YOUR GOAL
Extract, word for word, each line from the line holding "意味不明あだ名 | 『ペロリンこげぱん』『自称こげぱん』 |" through the end of the records. Omit every picture.

(Beginning of SUPPLIED INFORMATION)

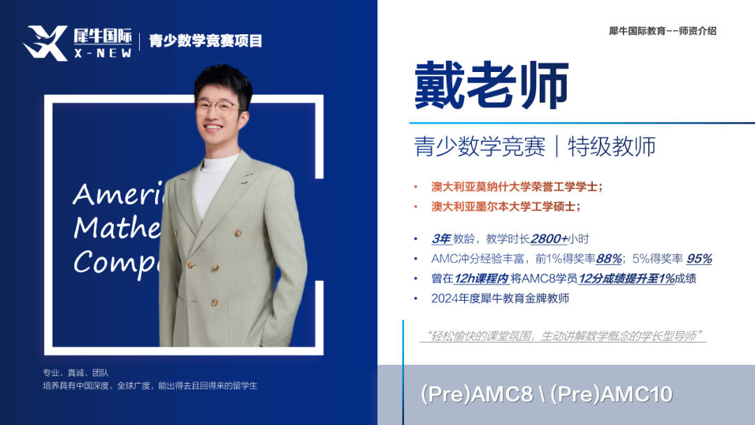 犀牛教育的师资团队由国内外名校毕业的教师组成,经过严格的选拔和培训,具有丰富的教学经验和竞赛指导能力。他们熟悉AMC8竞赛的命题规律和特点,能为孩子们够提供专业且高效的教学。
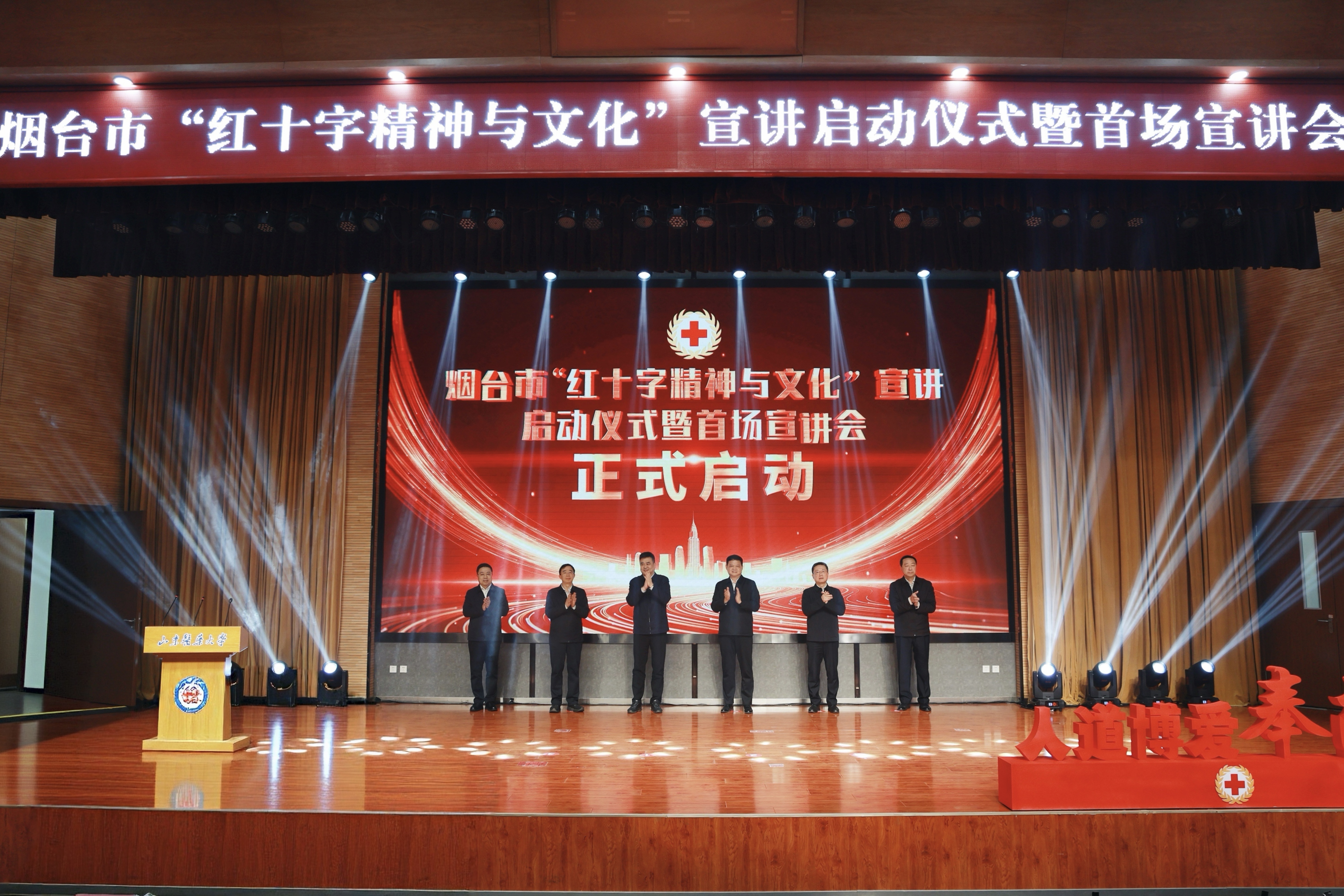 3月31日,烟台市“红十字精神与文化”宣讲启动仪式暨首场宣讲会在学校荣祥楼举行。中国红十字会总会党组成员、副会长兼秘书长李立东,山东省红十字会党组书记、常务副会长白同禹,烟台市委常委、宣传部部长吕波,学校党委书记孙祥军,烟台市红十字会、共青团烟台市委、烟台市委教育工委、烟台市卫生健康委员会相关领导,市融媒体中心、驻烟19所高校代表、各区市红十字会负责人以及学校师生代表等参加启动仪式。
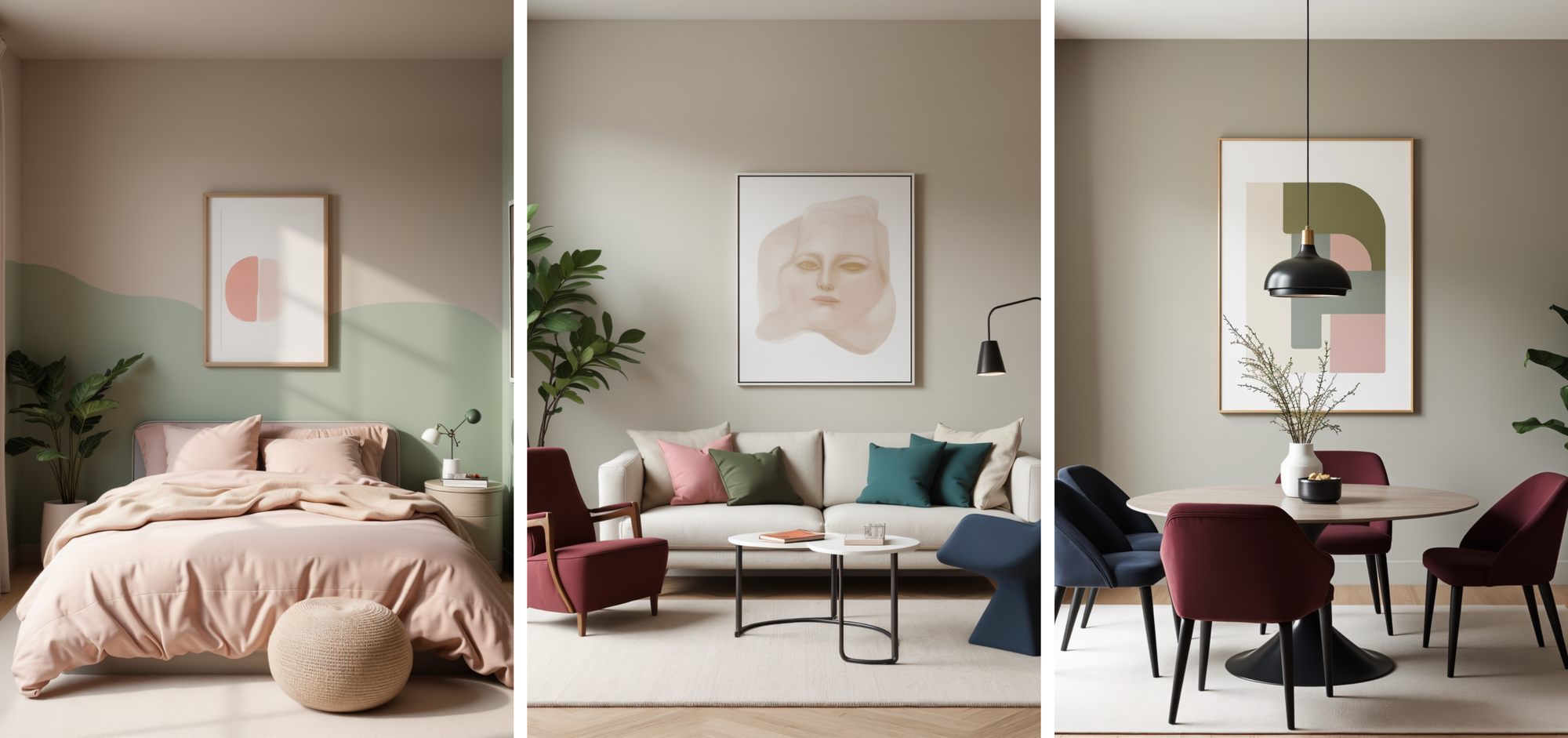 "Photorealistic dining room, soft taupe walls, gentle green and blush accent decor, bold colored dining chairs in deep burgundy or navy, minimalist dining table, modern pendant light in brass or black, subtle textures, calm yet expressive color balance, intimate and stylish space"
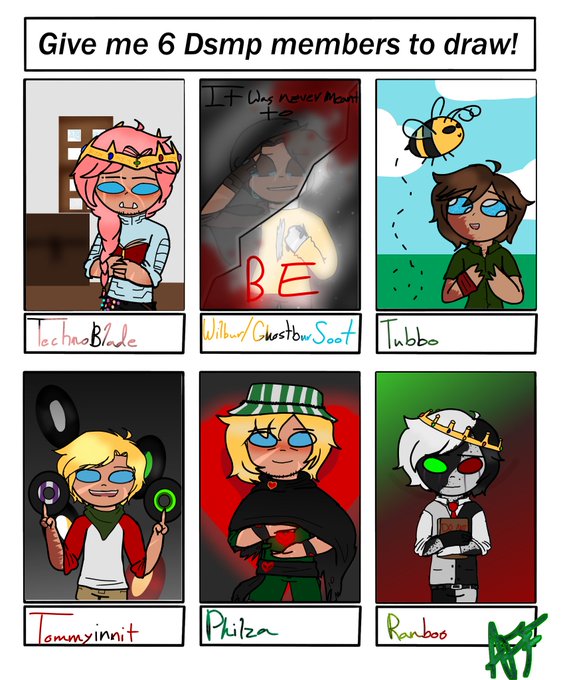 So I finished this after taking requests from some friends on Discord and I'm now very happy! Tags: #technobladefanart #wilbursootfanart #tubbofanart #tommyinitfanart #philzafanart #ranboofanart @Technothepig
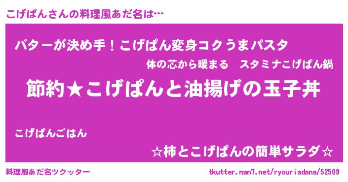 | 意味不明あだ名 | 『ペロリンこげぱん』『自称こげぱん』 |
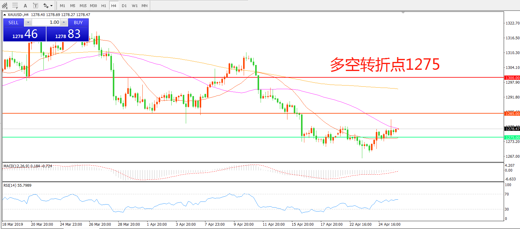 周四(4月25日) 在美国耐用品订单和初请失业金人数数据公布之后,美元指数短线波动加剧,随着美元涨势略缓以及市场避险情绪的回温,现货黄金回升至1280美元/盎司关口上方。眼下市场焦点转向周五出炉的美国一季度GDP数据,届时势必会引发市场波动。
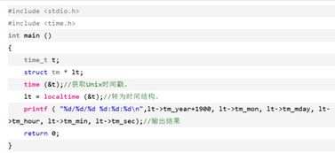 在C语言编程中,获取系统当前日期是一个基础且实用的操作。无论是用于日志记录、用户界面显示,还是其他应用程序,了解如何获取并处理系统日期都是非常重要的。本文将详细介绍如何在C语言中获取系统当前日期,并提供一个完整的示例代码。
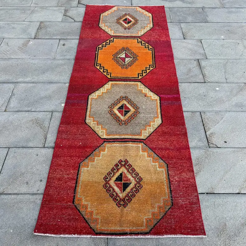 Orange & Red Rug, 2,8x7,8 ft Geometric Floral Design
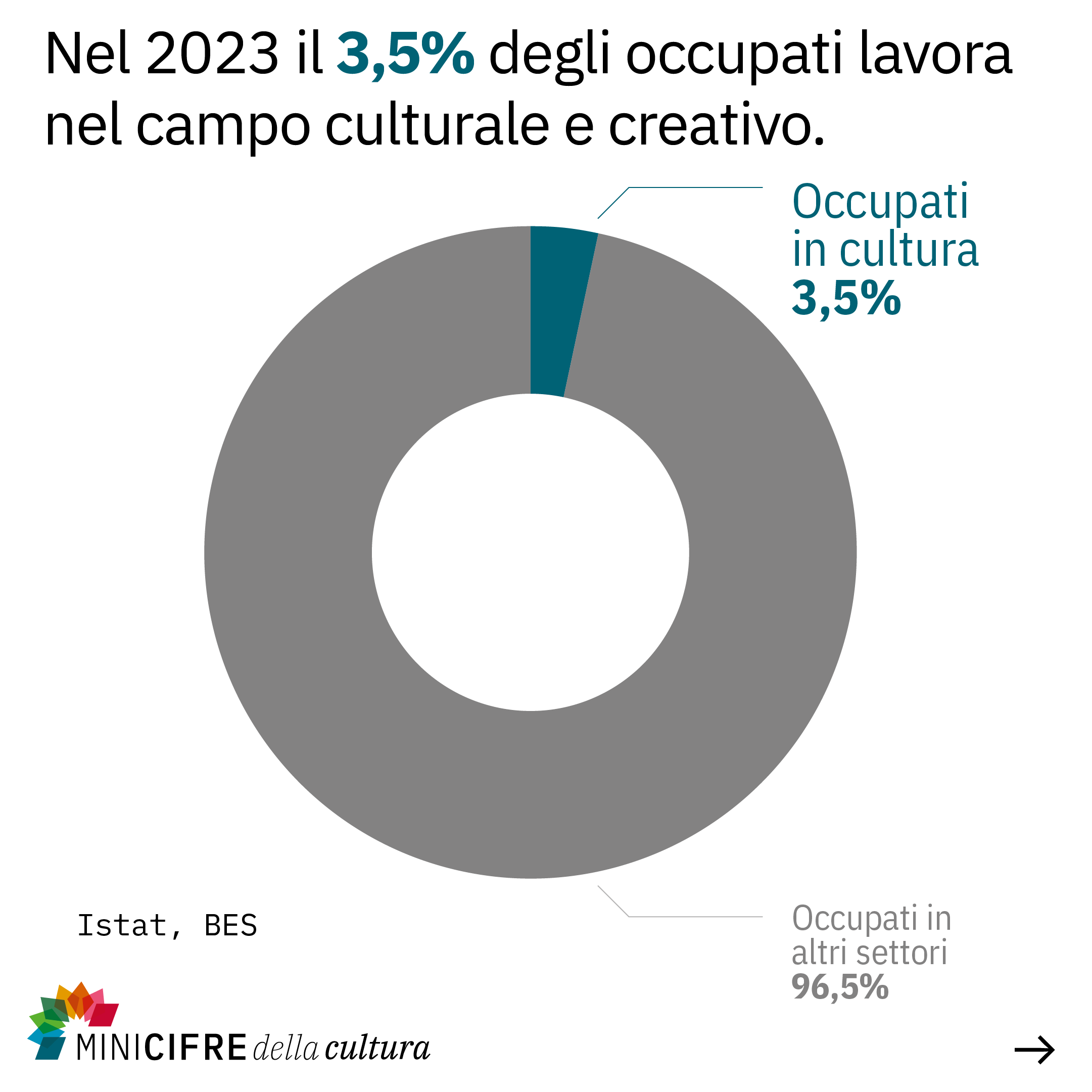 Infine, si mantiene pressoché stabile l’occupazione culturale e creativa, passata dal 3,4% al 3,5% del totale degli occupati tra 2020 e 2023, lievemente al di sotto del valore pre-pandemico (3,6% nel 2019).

(End of SUPPLIED INFORMATION)

YOUR SOLUTION
 | 意味不明あだ名 | 『ペロリンこげぱん』『自称こげぱん』 |
 周四(4月25日) 在美国耐用品订单和初请失业金人数数据公布之后,美元指数短线波动加剧,随着美元涨势略缓以及市场避险情绪的回温,现货黄金回升至1280美元/盎司关口上方。眼下市场焦点转向周五出炉的美国一季度GDP数据,届时势必会引发市场波动。
 在C语言编程中,获取系统当前日期是一个基础且实用的操作。无论是用于日志记录、用户界面显示,还是其他应用程序,了解如何获取并处理系统日期都是非常重要的。本文将详细介绍如何在C语言中获取系统当前日期,并提供一个完整的示例代码。
 Orange & Red Rug, 2,8x7,8 ft Geometric Floral Design
 Infine, si mantiene pressoché stabile l’occupazione culturale e creativa, passata dal 3,4% al 3,5% del totale degli occupati tra 2020 e 2023, lievemente al di sotto del valore pre-pandemico (3,6% nel 2019).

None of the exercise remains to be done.